Awarded The Holyer An Gof award for the outstanding literary publication of 2012. Presented by the Cornish Literary Guild

Publisher Souvenir Press In book shops and as an e-book May 2011.

“I wrote the narration for the documentary The Art of Catching Lobsters. After it was broadcast Ernest Hecht at Souvenir Press got in touch with me and asked if I would like to write a book for them.” Photo used for book cover…

“HELD BY THE SEA is about my life with Nick Darke and Cornwall, what I learned about this world with him and after he died, about grief, creativity, family and belonging.”
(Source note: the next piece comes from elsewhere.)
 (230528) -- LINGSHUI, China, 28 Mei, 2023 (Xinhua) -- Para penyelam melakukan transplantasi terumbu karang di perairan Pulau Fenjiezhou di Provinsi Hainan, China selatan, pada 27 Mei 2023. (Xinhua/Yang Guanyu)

Reviews of Held By Sea by This Is Devon and Dove Grey Reader

Extract from HELD BY THE SEA. Published 2010.

One year I took a photograph from the same place every day, looking down onto the beach. In summer the river narrowed and sand built up around it. The beach was covered in circles, like craters on the moon, from children digging. In winter the river fanned out, right across the bay and brought all the stones to the surface. The front edge of the bank at the top, where the sea meets dry sand, moved back. The dunes built up, new dune slacks appeared where the ridges got too high and fell away under their own pressure. On the surface of the beach, the sand was blown away in gales, except where small stones sat on towers of sand, weighting it down. Crescents of sand built around the seaweed and other wreck, eventually covering it. The tide line moved up and down the bay, day after day, for a week, down to the lowest neap tide, then, day after day, for a week, back up to the highest spring tide, like a pulse.
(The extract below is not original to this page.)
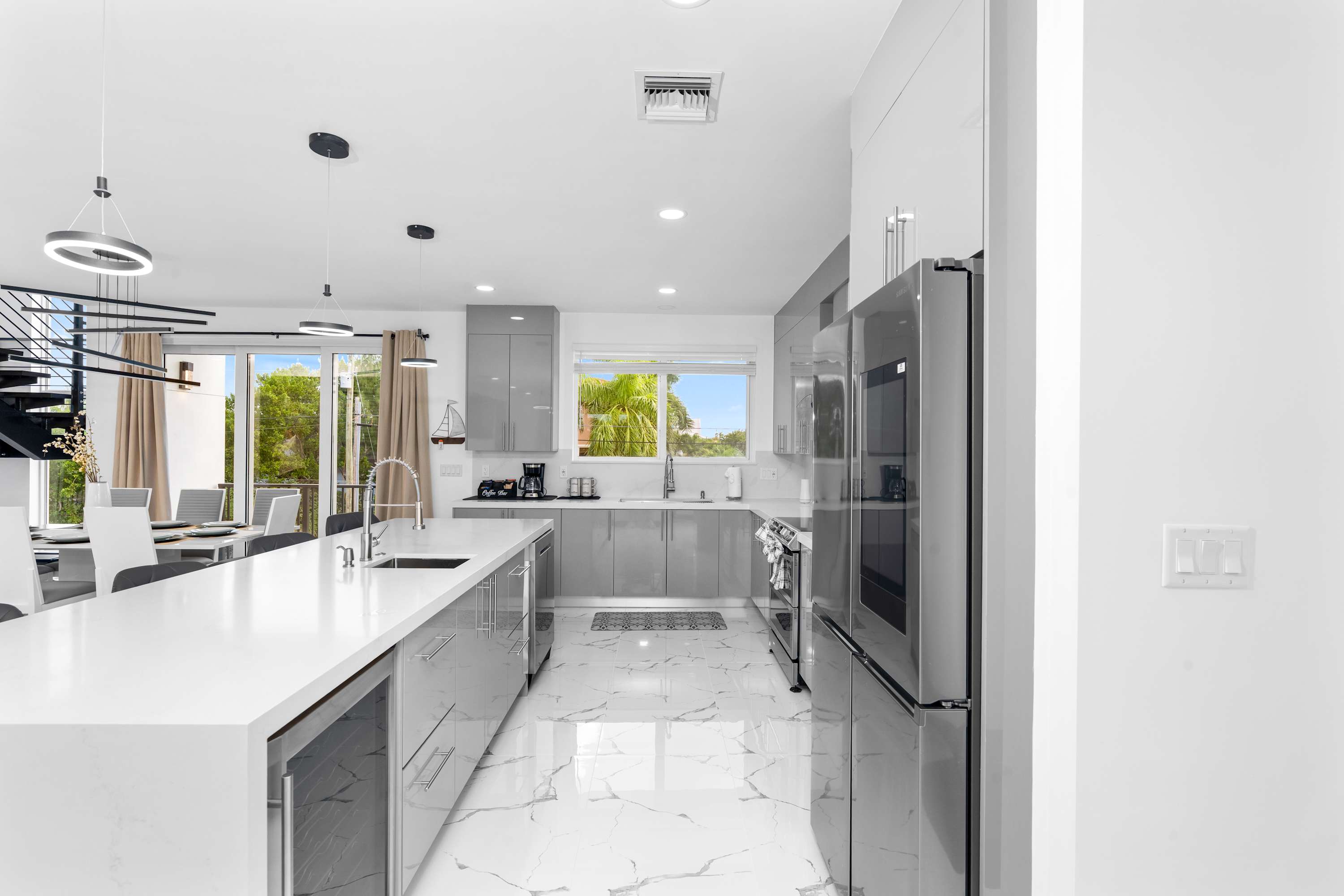 The interior is touched by beautiful furnishings enhanced by abundant natural light that highlights the high-end décor. This is best seen in the open-concept design living area, which combines the stylish living room with the fully equipped chef's kitchen and gorgeous dining area.

This beach is defined by the surrounding cliffs. From them you look on sand or sea depending on the tide. At the lowest point the beach is all slate with lines of quartz running through. This slate layer is over two thousand metres deep and tilted. Slate is a metamorphic rock, heated under pressure as layer upon layer of sediment builds up. These layers are vulnerable, the movement of the earth’s crust buckles and twists the rock. On the surface the sea reaches into cracks between the layers and pulls out loose material. Often the layers are tilted up to vertical, rain and ice work into joints until the top layers slide away. Rock falls are common. Caves form and collapse. Holes appear in promontories of rock as the sea pounds from both sides, the hole becomes an arch, the arch falls. The rock is ground to nothing in the sand.